4.6 Rollout Orchestrator Is Mandatory

Large fleet update safety requires an orchestrator. The orchestrator decides which nodes may update now. Nodes decide whether a received signed intent is valid and locally safe to execute.

The orchestrator must support:

• canary rollout;
• rolling rollout;
• area / site / NAT-group aware rollout;
• max parallel updates globally;
• max parallel updates per area;
• max unavailable nodes;
• minimum healthy quorum before continuing;
• hold / pause / resume;
• force update for explicitly selected nodes;
• automatic stop on failure rate, heartbeat loss, rollback, or route diversity regression;
• separate host-agent and node-agent phases;
• emergency recovery bridge for pre-orchestrator compat nodes.

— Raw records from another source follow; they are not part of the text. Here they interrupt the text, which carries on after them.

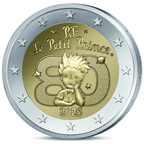 Deze officiële Franse 2-euromunt uit 2026 is gewijd aan De Kleine Prins, het wereldberoemde literaire personage van Antoine de Saint-Exupéry.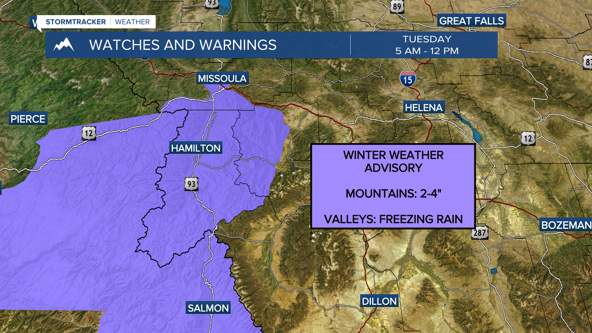 Weather Forecast: Mountain snow & valley rain/snow Tuesday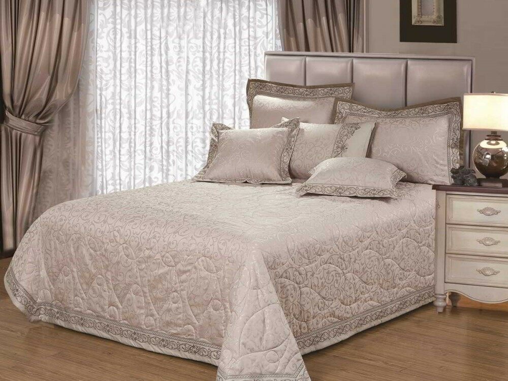 Тонкие завитки причудливо переплетаются между собой, образуя сплошной ажурный узор. Волокна сотканы таким образом, что возникает ощущение, будто рисунок подсвечен изнутри. Это покрывало можно назвать хамелеоном за уникальную способность менять цвет в зависимости от освещения: оно может быть и серебристо-серым и жемчужно-бежевым. Вышивка по канту делает это покрывало еще более богатым.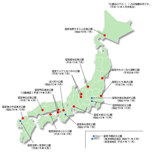 いわゆる「公園」は、大きく分けて都市公園に代表される営造物公園と、国立公園に代表される地域制公園があります。国営公園は国が整備、管理する都市公園です。国営公園はその趣旨により、以下のふたつの種類があります。
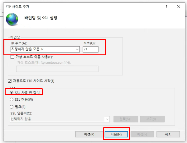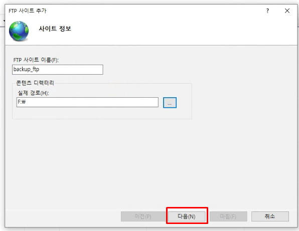 8. ftp 루트 경로 설정과 이름을 설정하고 다음을 눌러준다.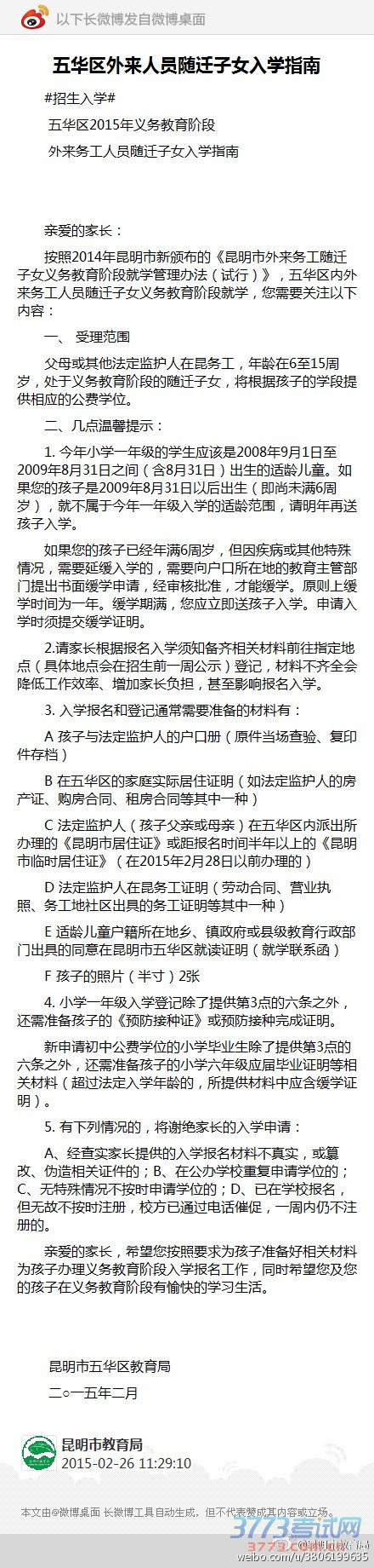 五华区外来人员随迁子女入学指南:#招生入学# 五华区2015年义务教育阶段 外来务工人员随迁子女入学指南 亲爱的家长: 按照2014年昆明市新颁布的《昆明市外来务工随迁子女义务教育阶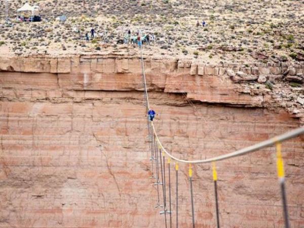 34 yaşındaki akrobat, Büyük Kanyon'daki gösterisinde de aynı çelik ipi kullandı.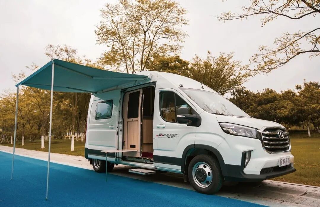 ● 车尾采用上掀门设计,在不打开遮阳棚的情况下,可以增加驻车时的活动范围;顶部设有升顶机构,打开后可增加车内空间;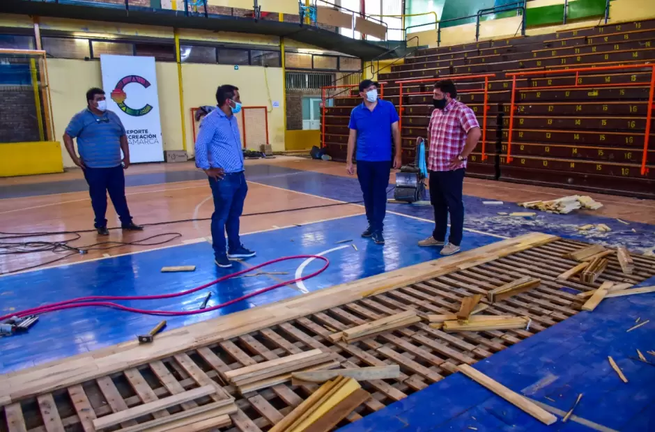 Comenzaron las obras de mantenimiento y reparación del piso de parquet del Estadio Principal del Polideportivo “Fray Mamerto Esquiú”, y el Secretario de Deportes y Recreación Daniel Lavatelli junto a los Directores Provinciales de Deporte Social Luis Robledo y de Asistencia Deportiva Gustavo Bazán recorrieron el avance de las tareas, que se están realizando con el aporte del Ministerio de Vivienda y Urbanización, que dirige Fidel Saenz y la colaboración del arquitecto Juan Orellana. También, se reparará el piso de las canchas del estadio Auxiliar.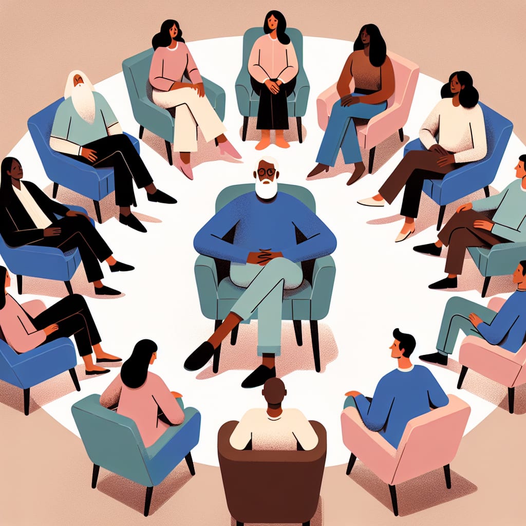 /showme guy named Sam sitting in circle of chairs with 12 people in group meeting. Bad coffee machine in background.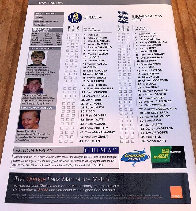 40 Lenny Pidgeley, 6 Ricardo Carvalho, 7 Adrian Mutu, 19 Scott Parker |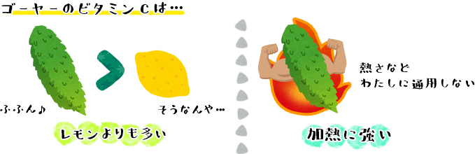 しかしゴーヤーのビタミンCは硬い皮の組織によって守られているため、加熱しても壊れにくいといわれています。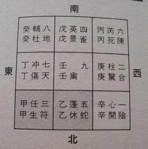 乙は安定を意味します。とくに、この盤だと「休」の漢字があります。これは「休門」であり、平和などを意味が込められております。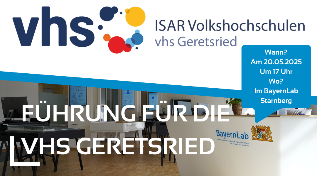 Führung VHS Geretsried im BayernLab Starnberg neue Technik kurz und bündig erklärt und erfahren.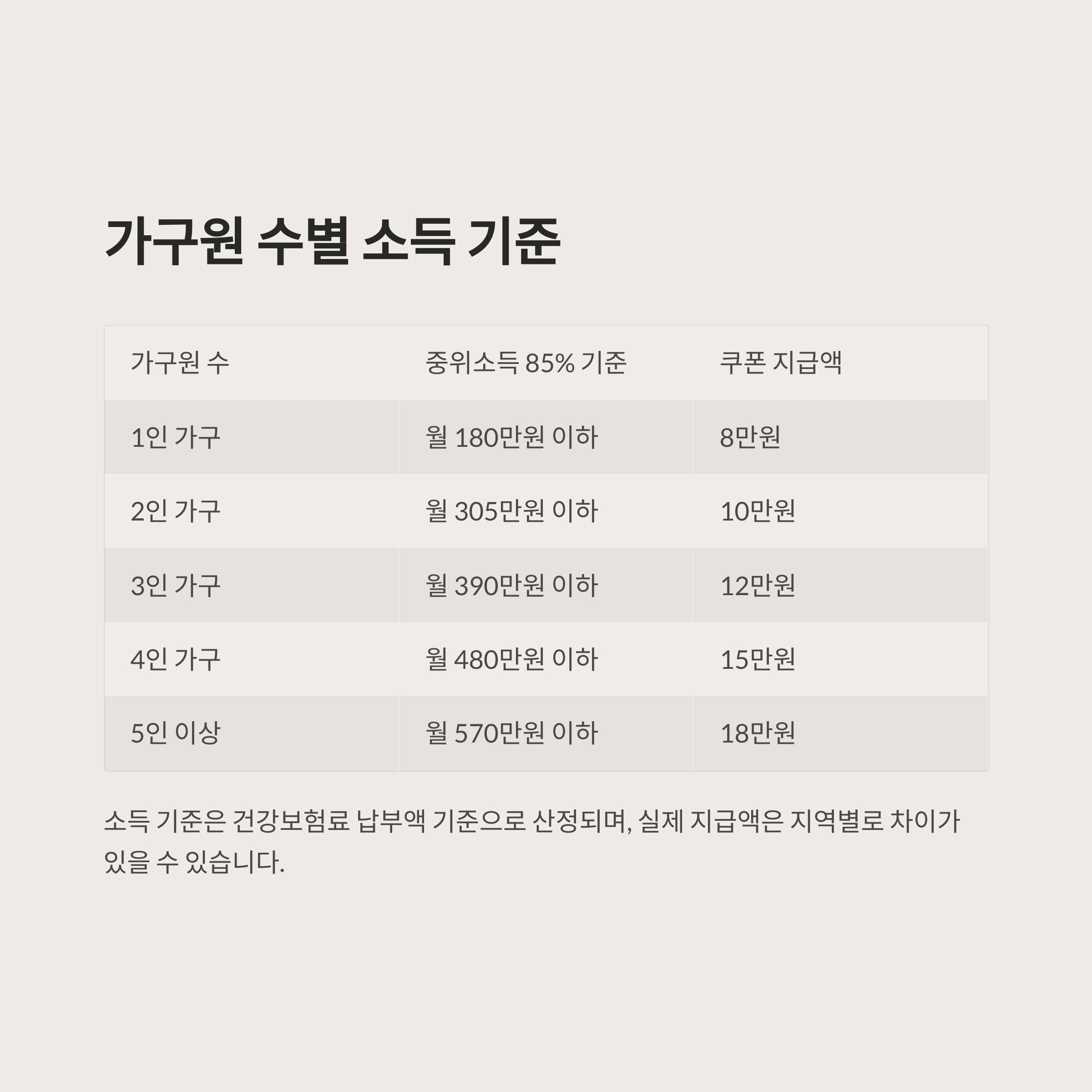 선별 지급 방식으로 결정될 경우, 건강보험료 납부액이 주요 기준이 될 가능성이 높습니다. 가구별 소득과 재산을 종합적으로 반영하는 건강보험료를 기준으로 중위소득 일정 비율(예: 80% 또는 100%) 이하 가구를 대상으로 할 수 있습니다. 정확한 기준은 정부 발표를 통해 확정되므로, '국민건강보험' 홈페이지에서 미리 우리 가족의 건강보험료를 확인해보는 것이 좋습니다. (국민건강보험공단 바로가기)

The orchestrator must issue short-lived rollout leases. A node may only start an update when it holds a valid lease for that product/version. If the lease expires before apply starts, the node must re-check the policy.

Rollout leases prevent the entire farm from starting the same update simultaneously when a subscription signal or gossip wave reaches all nodes.

4.7 Node-Side Update Admission Control

Even with a lease, the node must perform local admission checks before apply:

• artifact hash and signature match the signed intent;
• rollback artifact or previous binary is available unless policy explicitly disables rollback;
• enough disk space exists for stage plus rollback;
• current active workload can tolerate restart, or orchestrator granted a maintenance lease;
• the node still has at least the required recovery connectivity after excluding itself as temporarily unavailable;
• host-agent update is applied before node-agent update when the contract says the host-agent is the recovery floor.

If admission fails, the node reports blocked with a precise reason instead of silently waiting.

4.8 Update Waves Must Preserve Failure-Domain Diversity

An update wave must not take down all nodes from the same recovery role or failure domain at once.

The orchestrator must account for:

• area;
• site;
• locality group;
• NAT group;
• public ingress dependency;
• control-api role;
• update-store / update-cache role;
• relay / rendezvous role;
• VPN ingress / egress roles;
• nodes that are currently the only known recovery path for another node.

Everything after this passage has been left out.